Usually, the base language is useful on its own. E.g. clike was not just created to make its child languages more DRY, but to have something to fall back on when one wanted to highlight a C-like language that did not have a dedicated language definition (admittedly far more important when Prism first launched with like 5 languages compared to now).

These days, there are also cases where language definitions exist for the sole reason of making other language definitions more DRY (such as javadoclike, which is a perversion of the concept. No language should be registered and become available as a language-xxx class if it's not useful on its own, otherwise it's not actually a language, it's a shared utility.

2. Languages embedding/embedded in other languages

This can be broken down into two major categories:

Where the language is known in advance (e.g. JS inside <script> elements)
Where the language is not known in advance (e.g. code inside a tagged markdown code block or when highlighting http requests)

1 was already handled by special casing strings as values of $rest/$inside, but 2 was severely problematic and required a fair bit of custom code. #3923 proposes a $language descriptor that can handle both, by taking a function as well which takes named capturing groups as a parameter. I'm still unsure if this is a good solution.

There is also the question of what types of dependencies these are: are they optional or required? It seems like it could go either way, depending on the user's goal, but I'm leaning towards required. But then, for 2, does that mean that now your required dependencies depend on the code being matched?

Perhaps these are actually the only true "optional" dependencies, and there should be a way for Prism users to autoload these as well. In that case, perhaps grammars should support async nodes for these that resolve when they are loaded. The way code is tokenized could easily support parts of it being deferred for later.

3. Languages that are preprocessors for other languages

Example: PHP or Liquid are HTML preprocessors.

This is what #3911 was about. It is further complicated by the fact that these preprocessors could often generate anything, but definitely do have defaults (usually markup). This is the prime reason custom tokenizers exist, which I would love to get rid of.
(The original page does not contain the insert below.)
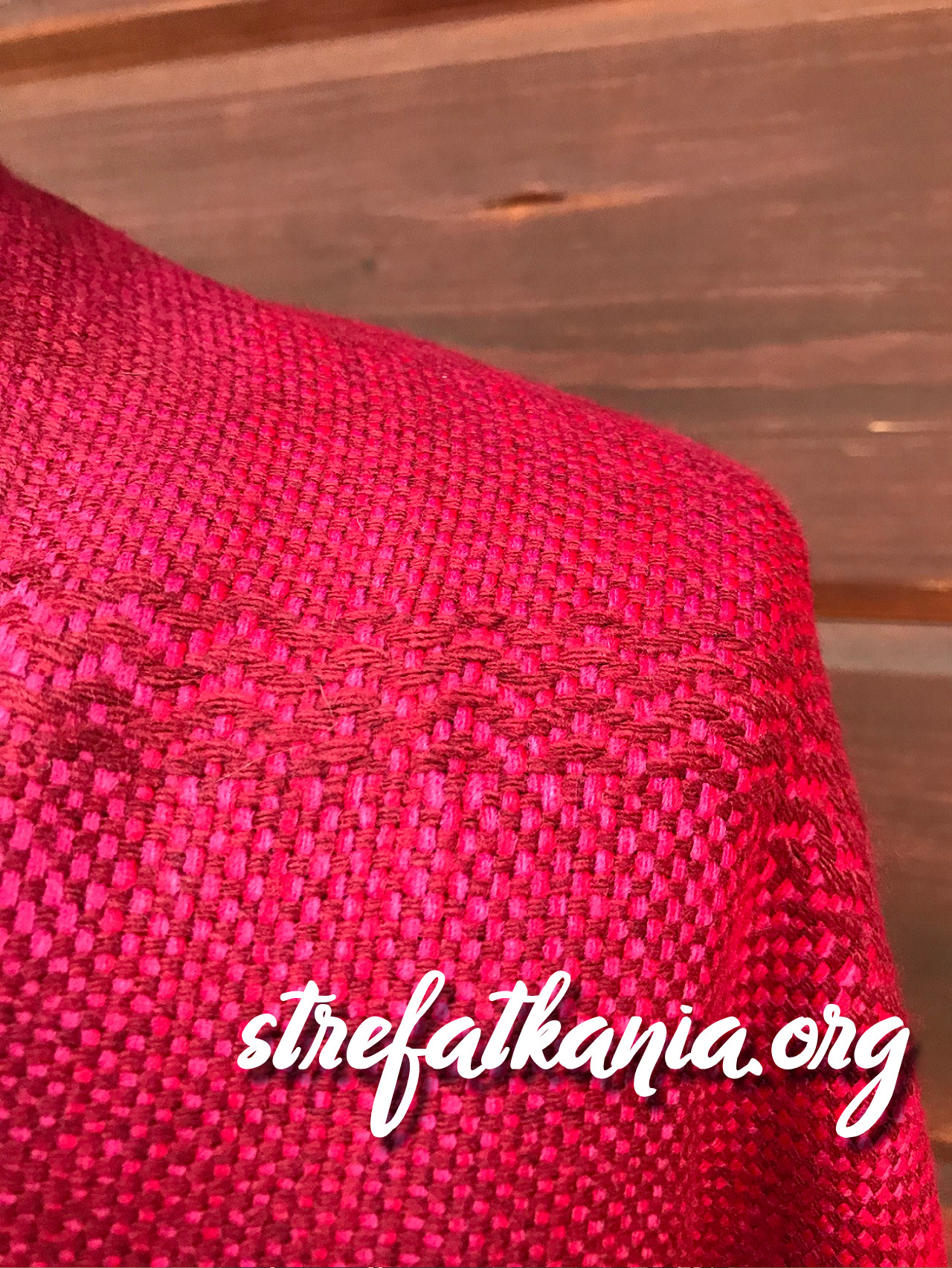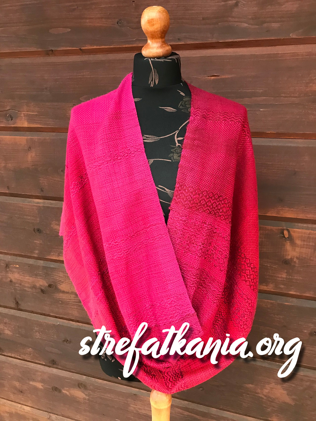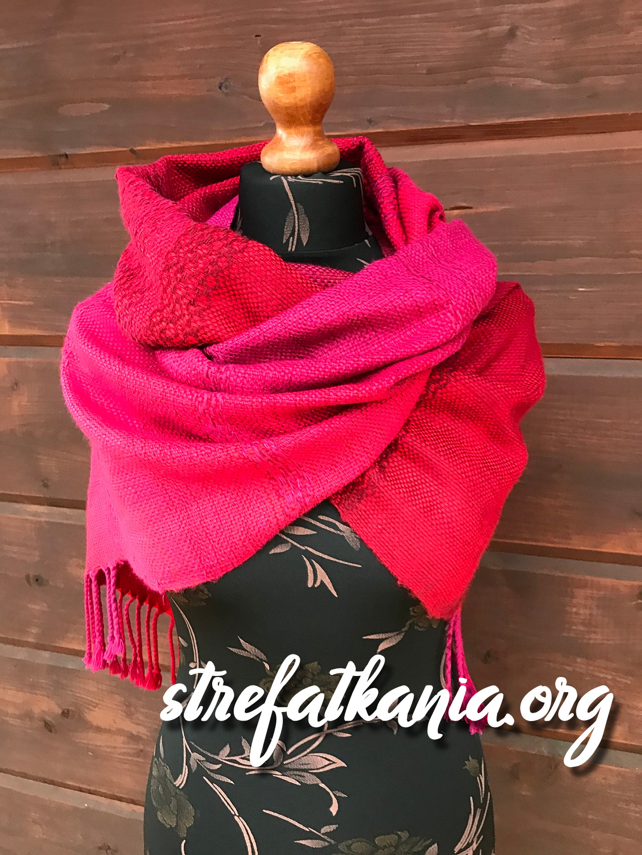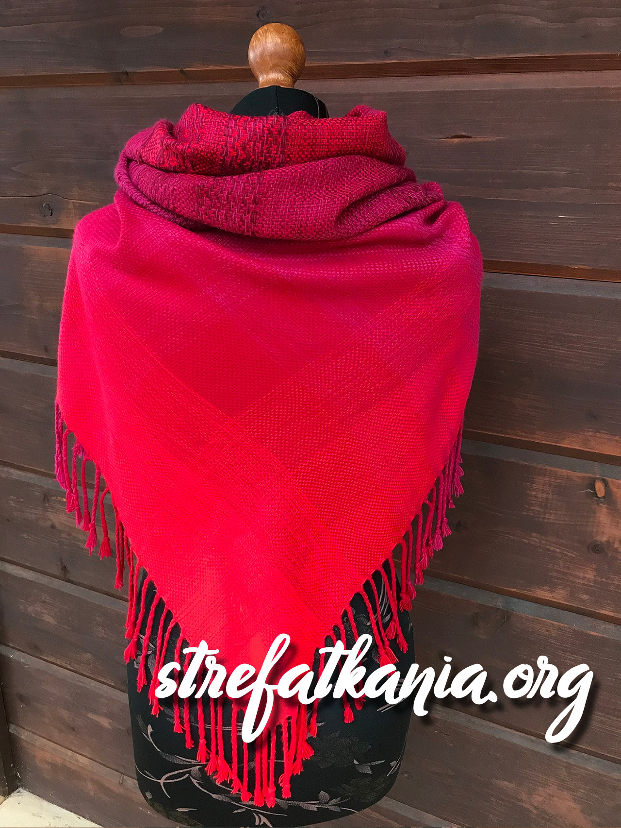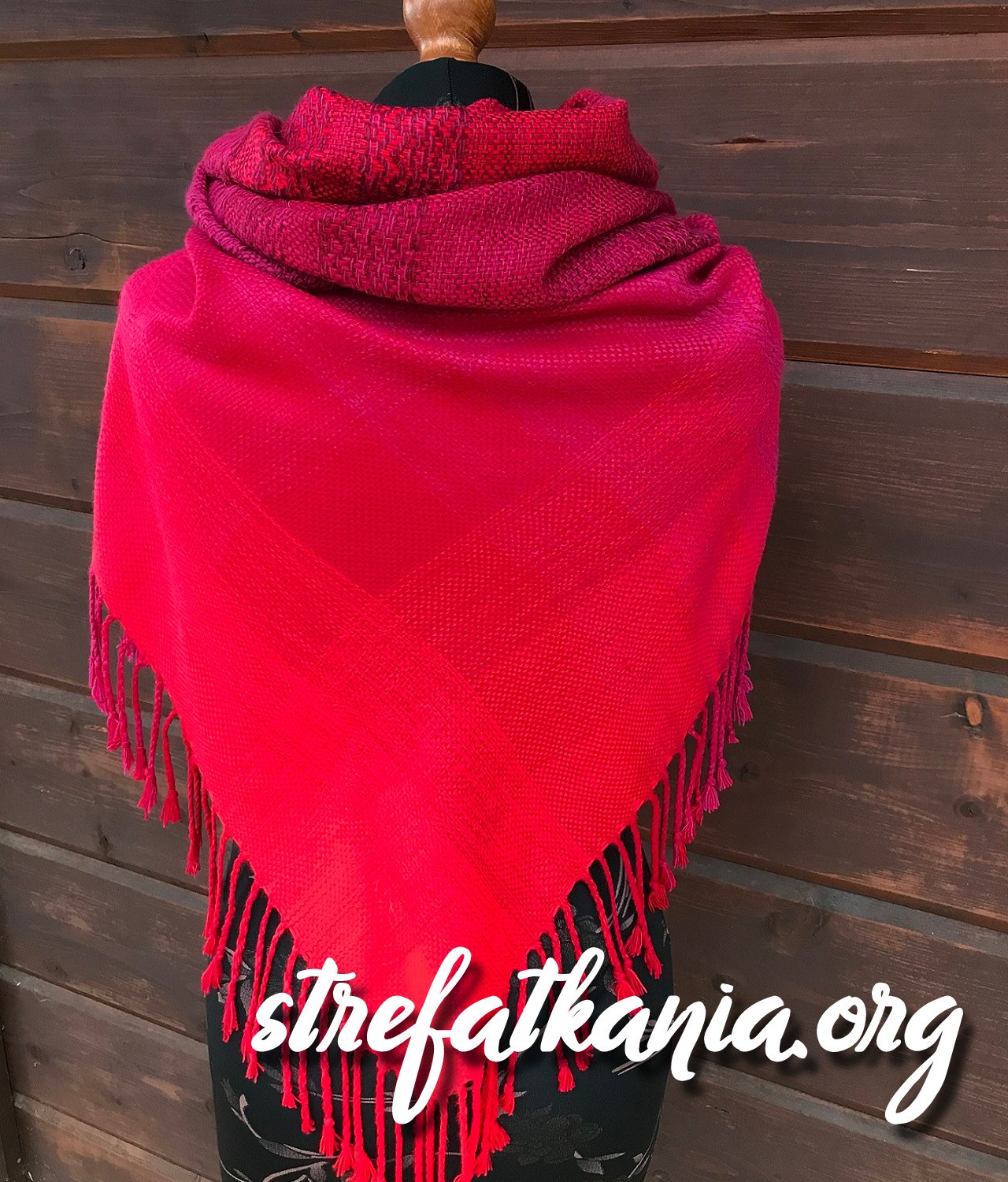 Szalo-chusta wykonana jest z włóczki z długimi przejściami kolorystycznymi z efektem ombre. Paleta barw bordo/piwonia/czerwień/intensywna czerwień.

I no longer think most of #3911 was a good idea, but there is one part that I still think was: languages being able to declare what language they produce, and have that be overridable via two-id language classes (e.g. language-diff-css to highlight a CSS diff or language-liquid-css for a Liquid template that produces CSS.
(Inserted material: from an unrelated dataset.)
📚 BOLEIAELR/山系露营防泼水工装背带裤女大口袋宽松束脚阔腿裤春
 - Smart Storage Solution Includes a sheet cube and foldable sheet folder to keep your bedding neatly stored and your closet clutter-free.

I'm still unsure how exactly these work today, but perhaps a good solution to 2 could also address these (by essentially emulating $rest: childLanguage).

4. Languages that can make other language definitions "richer" but are not strictly necessary

This one is the hairiest category as it encompasses so many diverse use cases.

Examples:

javastacktrace extending log
Tags inside VB.NET/F# doc comments being highlighted as tags if markup is loaded. This one is basically highlighting the need for a shared utility for tag.
JSON in http being highlighted as JSON if that is loaded, or as JS otherwise. That seems to be a bonafide optional dependency.
markdown in graphql comments being highlighted if it is loaded. That seems to be a bonafide optional dependency.
jsdoc in JS doc-comment tokens is highlighted if jsdoc is loaded. That seems to be a bonafide optional dependency.
js-templates extending JS with the ability to highlight template literals tagged with a certain language. Not everyone highlighting JS wants to highlight tagged template literals, but since JS is the host language, it cannot be language-js-templates that activates this functionality.
opencl-extensions extending C and C++. Not everyone highlighting C/C++ wants this.
css-extras extending css with specialized tokens for selectors etc. Not everyone highlighting CSS wants the granularity of css-extras.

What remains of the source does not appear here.